• _Task instructions_:
Output every line from the beginning of the records through the line that contains "1) Сумма углов", exactly as it appears.

=== Section Start ===

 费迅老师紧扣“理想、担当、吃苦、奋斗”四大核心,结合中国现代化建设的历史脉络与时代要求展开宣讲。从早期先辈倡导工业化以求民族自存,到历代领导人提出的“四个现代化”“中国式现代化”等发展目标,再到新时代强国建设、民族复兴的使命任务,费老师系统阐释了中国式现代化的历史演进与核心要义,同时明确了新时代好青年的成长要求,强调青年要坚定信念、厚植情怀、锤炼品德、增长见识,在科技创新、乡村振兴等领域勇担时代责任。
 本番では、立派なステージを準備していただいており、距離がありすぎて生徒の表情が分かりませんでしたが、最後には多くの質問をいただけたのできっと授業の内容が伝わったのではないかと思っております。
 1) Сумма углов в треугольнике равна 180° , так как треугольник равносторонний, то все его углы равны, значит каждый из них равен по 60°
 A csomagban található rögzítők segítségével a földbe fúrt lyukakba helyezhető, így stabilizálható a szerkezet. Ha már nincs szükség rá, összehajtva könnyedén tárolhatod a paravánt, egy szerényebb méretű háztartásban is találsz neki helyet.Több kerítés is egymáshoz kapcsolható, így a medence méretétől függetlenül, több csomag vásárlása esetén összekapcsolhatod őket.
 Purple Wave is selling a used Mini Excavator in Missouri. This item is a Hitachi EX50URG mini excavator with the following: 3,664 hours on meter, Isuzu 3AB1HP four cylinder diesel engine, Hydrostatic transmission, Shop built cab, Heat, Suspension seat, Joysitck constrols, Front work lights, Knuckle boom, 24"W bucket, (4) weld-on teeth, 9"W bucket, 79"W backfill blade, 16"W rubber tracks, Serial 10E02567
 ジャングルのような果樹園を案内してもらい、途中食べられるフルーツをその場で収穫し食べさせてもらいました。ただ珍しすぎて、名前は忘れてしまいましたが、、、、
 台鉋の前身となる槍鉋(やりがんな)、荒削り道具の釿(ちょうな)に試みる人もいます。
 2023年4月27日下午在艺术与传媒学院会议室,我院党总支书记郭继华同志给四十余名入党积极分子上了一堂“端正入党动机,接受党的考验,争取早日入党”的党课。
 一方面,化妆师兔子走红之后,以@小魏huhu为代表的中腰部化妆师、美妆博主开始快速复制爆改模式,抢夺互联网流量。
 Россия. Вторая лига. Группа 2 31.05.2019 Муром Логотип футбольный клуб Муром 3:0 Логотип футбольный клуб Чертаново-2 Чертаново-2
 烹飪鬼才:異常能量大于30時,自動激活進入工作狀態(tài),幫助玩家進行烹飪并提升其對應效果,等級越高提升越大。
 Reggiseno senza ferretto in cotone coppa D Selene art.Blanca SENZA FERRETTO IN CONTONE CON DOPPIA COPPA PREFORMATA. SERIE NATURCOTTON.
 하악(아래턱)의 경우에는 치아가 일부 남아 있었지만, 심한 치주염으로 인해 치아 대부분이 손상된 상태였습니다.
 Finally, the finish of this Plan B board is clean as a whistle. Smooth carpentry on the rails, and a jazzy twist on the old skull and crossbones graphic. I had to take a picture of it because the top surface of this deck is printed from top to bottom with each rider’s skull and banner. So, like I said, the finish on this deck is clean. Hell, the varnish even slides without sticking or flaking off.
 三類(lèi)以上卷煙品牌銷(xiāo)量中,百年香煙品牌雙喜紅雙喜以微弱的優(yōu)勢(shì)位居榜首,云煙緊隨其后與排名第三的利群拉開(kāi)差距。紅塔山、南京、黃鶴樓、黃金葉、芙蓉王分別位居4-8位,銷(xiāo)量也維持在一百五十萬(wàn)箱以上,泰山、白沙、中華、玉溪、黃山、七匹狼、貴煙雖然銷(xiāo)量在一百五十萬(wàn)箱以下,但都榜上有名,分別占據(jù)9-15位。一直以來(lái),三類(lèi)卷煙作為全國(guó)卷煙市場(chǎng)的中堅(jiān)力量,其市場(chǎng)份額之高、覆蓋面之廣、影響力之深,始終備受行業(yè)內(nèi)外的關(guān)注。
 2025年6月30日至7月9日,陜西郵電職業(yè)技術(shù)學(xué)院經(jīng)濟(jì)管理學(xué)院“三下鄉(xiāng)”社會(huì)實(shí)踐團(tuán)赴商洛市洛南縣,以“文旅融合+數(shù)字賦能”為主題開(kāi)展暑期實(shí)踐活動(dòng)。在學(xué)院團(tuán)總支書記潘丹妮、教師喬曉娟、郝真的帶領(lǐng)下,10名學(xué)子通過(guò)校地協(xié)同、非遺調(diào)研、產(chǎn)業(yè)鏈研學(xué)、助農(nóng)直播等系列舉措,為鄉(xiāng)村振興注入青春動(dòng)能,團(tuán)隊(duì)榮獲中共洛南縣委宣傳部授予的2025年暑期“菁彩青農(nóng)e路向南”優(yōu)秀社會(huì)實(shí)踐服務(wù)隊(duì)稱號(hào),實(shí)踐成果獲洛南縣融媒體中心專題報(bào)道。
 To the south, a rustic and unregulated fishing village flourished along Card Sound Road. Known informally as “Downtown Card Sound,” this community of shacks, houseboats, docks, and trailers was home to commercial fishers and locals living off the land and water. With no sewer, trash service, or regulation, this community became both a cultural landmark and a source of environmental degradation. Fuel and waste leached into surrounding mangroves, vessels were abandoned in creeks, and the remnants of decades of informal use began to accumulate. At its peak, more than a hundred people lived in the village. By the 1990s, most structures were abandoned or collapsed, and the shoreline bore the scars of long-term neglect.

=== Section End ===

• _Result of this exercise_:
 费迅老师紧扣“理想、担当、吃苦、奋斗”四大核心,结合中国现代化建设的历史脉络与时代要求展开宣讲。从早期先辈倡导工业化以求民族自存,到历代领导人提出的“四个现代化”“中国式现代化”等发展目标,再到新时代强国建设、民族复兴的使命任务,费老师系统阐释了中国式现代化的历史演进与核心要义,同时明确了新时代好青年的成长要求,强调青年要坚定信念、厚植情怀、锤炼品德、增长见识,在科技创新、乡村振兴等领域勇担时代责任。
 本番では、立派なステージを準備していただいており、距離がありすぎて生徒の表情が分かりませんでしたが、最後には多くの質問をいただけたのできっと授業の内容が伝わったのではないかと思っております。
 1) Сумма углов в треугольнике равна 180° , так как треугольник равносторонний, то все его углы равны, значит каждый из них равен по 60°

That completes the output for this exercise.